The first adaptive equalizer, in 1964, used 13 adjustable gains, each set by 8 relays. The rack of equipment was about 5 feet high. Its use immediately made possible data transmission at 9600 bits per second – four times the highest previously attainable speed.

Shortly thereafter, the relays were replaced with transistor switches, then in succeeding years the equalizer was implemented with a special purpose integrated circuit. Today adaptive equalization is built into almost every modem and is simply a subroutine in the instruction program for an embedded microprocessor.

==Advisory positions==
Throughout his career, Lucky was heavily involved in advisory and participatory roles in engineering societies, universities, and government. In the IEEE he was editor of the Proceedings of the IEEE, president of the Communications Society, and executive vice president of the parent IEEE. His government service included being chairman of the United States Air Force Scientific Advisory Board, chairman of the Federal Communications Commission Technological Advisory Council, chairman of the statutory visiting committee of the National Institute of Standards and Technology, and membership on the Defense Science Board. He was active with the National Academy of Engineering and on the advisory boards of several universities.

==Honors and awards==
Among his honors, Lucky was awarded four honorary doctorate degrees, the 1987 Marconi Prize, the 1995 IEEE Edison Medal, and the 1998 Golden Jubilee Award for Technological Innovation from the IEEE Information Theory Society. He was elected a member of the National Academy of Engineering for contributions to the theory and practical development of data communication systems. He was an elected member of the American Academy of Arts and Sciences and the European Academy of Sciences and Arts.

==Writings==

Lucky was the author (with J Salz and EJ Weldon) of a textbook, Principles of Data Communications (McGraw-Hill, New York, 1965).
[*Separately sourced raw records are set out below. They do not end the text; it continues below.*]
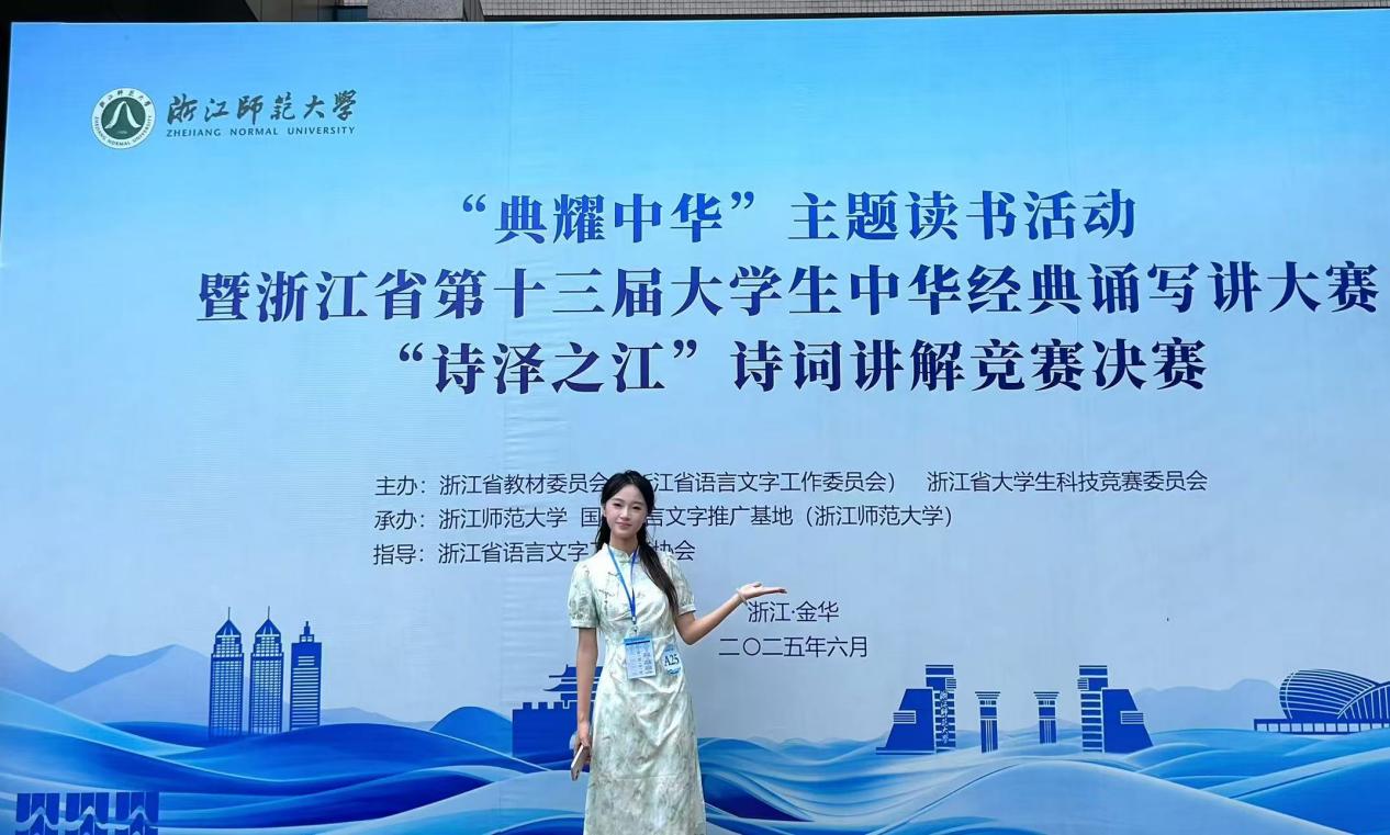 本次决赛竞争异常激烈,经过层层选拔脱颖而出的选手们各展所长,用精湛的技艺和真挚的情感诠释着中华经典的独特魅力。在“诗泽之江”个人组的比拼中,选手们以诗为剑、以词为刃,在平仄韵律间纵横驰骋。最终,今年会王馨怡同学凭借深厚的诗词底蕴、出色的朗诵技巧和独特的艺术感染力,脱颖而出,斩获诗词浙江个人组一等奖。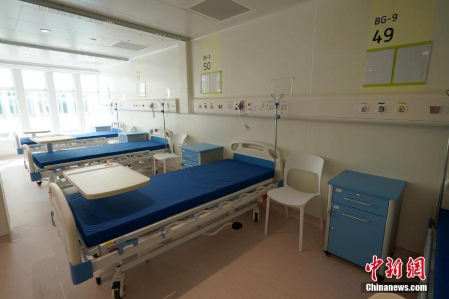 Photo taken on Feb.2, 2021 shows the ward of the North Lantau Hospital Hong Kong Infection Control Center in south China's Hong Kong. The temporary hospital funded by the central government for treating COVID-19 patients in the Hong Kong Special Administrative Region (HKSAR) will open its doors on February 26. The North Lantau Hospital Hong Kong Infection Control Center, built next to another treatment facility at AsiaWorld-Expo, is capable of providing 136 wards and 816 negative pressure beds. (Photo/China News Service)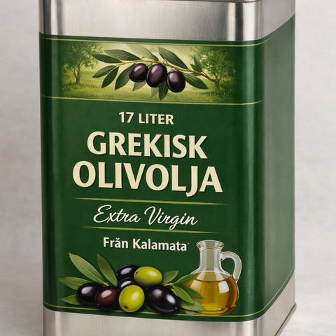 Grekisk extra virgin olivolja eget importerat från Andriotis, Corfu Grekland.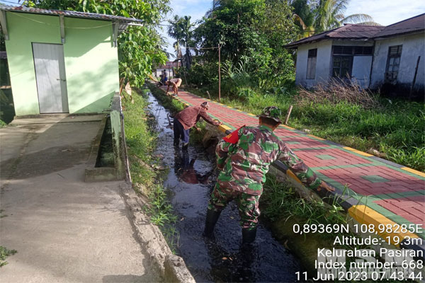 MediaSuaraMabes, Singkawang – Babinsa 1202-05/SKB, Serda Darmaji bersama dengan Warga laksanakan kegiatan Kerja Bakti Pembersihan Saluran Air/ Parit di Wilayah RT. 029/013 Jl. G.Merapi Gg. Warga Kel. Pasiran Kec. Singkawang Barat Kota Singkawang.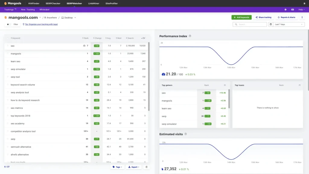 - SERPWatcher Updates: SERPWatcher, the rank tracking tool by Mangools, has undergone several updates to enhance its functionality. This includes improved tracking accuracy, faster data retrieval, and additional insights into search engine rankings and fluctuations.
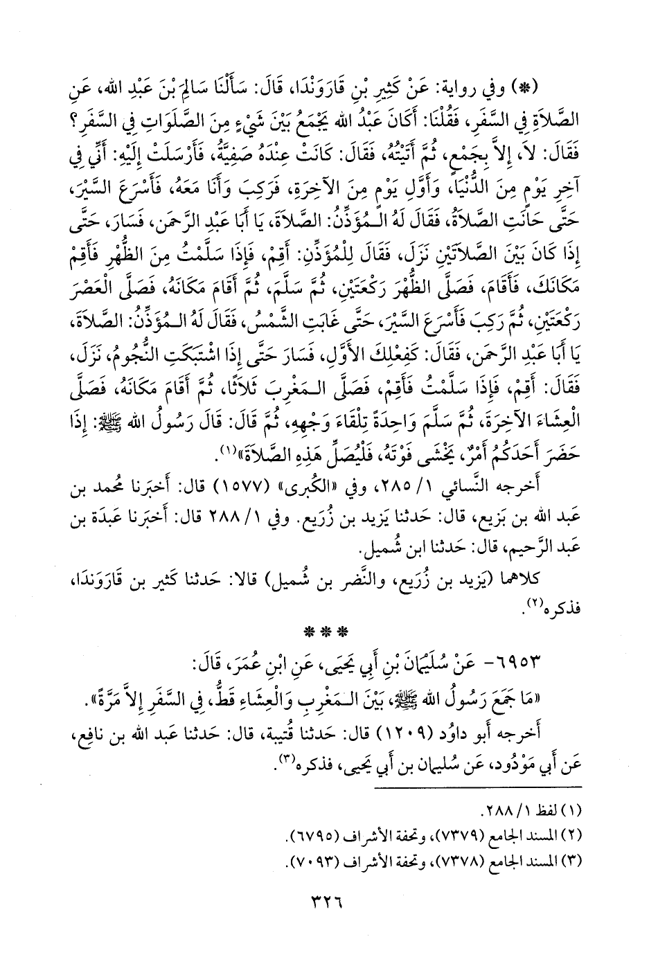- وفي رواية: عن كثير بن قاروندا، قال: سألنا سالم بن عبد الله، عن الصلاة في السفر، فقلنا: أكان عبد الله يجمع بين شيء من الصلوات في السفر؟ فقال: لا، إلا بجمع، ثم أتيته، فقال: كانت عنده صفية، فأرسلت إليه: أني في آخر يوم من الدنيا، وأول يوم من الآخرة، فركب وأنا معه، فأسرع السير، حتى حانت الصلاة، فقال له المؤذن: الصلاة، يا أبا عبد الرَّحمَن، فسار، حتى إذا كان بين الصلاتين نزل، فقال للمؤذن: أقم، فإذا سلمت من الظهر فأقم مكانك، فأقام، فصلى الظهر ركعتين، ثم سلم، ثم أقام مكانه، فصلى العصر ركعتين، ثم ركب فأسرع السير، حتى غابت الشمس، فقال له المؤذن: الصلاة، يا أبا عبد الرَّحمَن، فقال: كفعلك الأول، فسار حتى إذا اشتبكت النجوم، نزل، فقال: أقم، فإذا سلمت فأقم، فصلى المغرب ثلاثا، ثم أقام مكانه، فصلى العشاء الآخرة، ثم سلم واحدة تلقاء وجهه، ثم قال: قال رسول الله صَلى الله عَليه وسَلم: إذا حضر أحدكم أمر، يخشى فوته، فليصل هذه الصلاة» (¬١).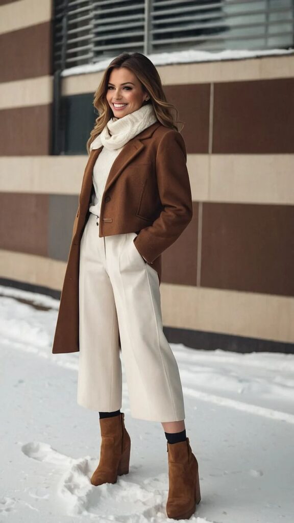 4. Elegant Trousers – High-waist, wide-leg, or straight-fit trousers in winter fabrics like wool blends.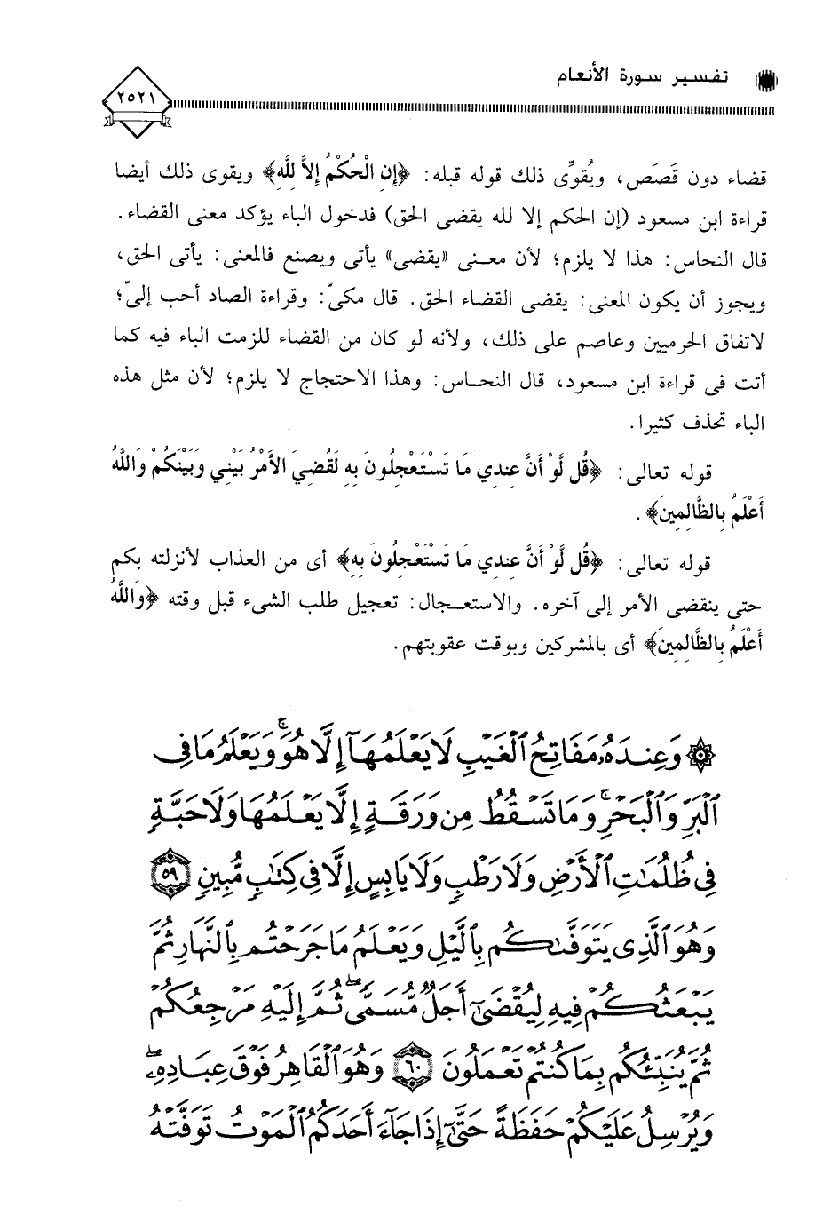 قال النحاس: هذا لَا يلزم، لأن معنى " يقضي " يأتي ويصنع فالمعنى: يأتي الحق، ويجوز أن يكون المعنى: يقضي القضاء الحق. قال مكيّ: وقراءة الصاد أحب إليّ؛ لاتفاق الحرميين وعاصم على ذلك، ولأنه لو كان من القضاء للزمت الباء فيه كما أتت في قراءة ابن مسعود، قال النحاس: وهذا الاحتجاج لَا يلزم؛ لأن مثل هذه الباء تحذف كثيرا.

He wrote a popularized account of information theory in Silicon Dreams (St Martins Press, New York, 1989).

After 1982 he wrote a bi-monthly column, Reflections, in IEEE Spectrum Magazine, which featured his essays on technology and engineering culture. A compilation of his essays was published under the title Lucky Strikes Again (Wiley/IEEE Press, 1992).

The May 1992 IEEE Spectrum Magazine published his parable of The Bean Counters.

==Later career==
After retirement in 2002, Lucky was a member of the Defense Science Board, chairman of the board of ANSER, Inc., a member of the Laboratory Operations Board of the United States Department of Energy, chairman of Marconi Society, and a member of advisory board of TTI/Vanguard. The governor of New Jersey appointed him to the Authority for the Redevelopment of Fort Monmouth, and he was elected chairman of that Authority.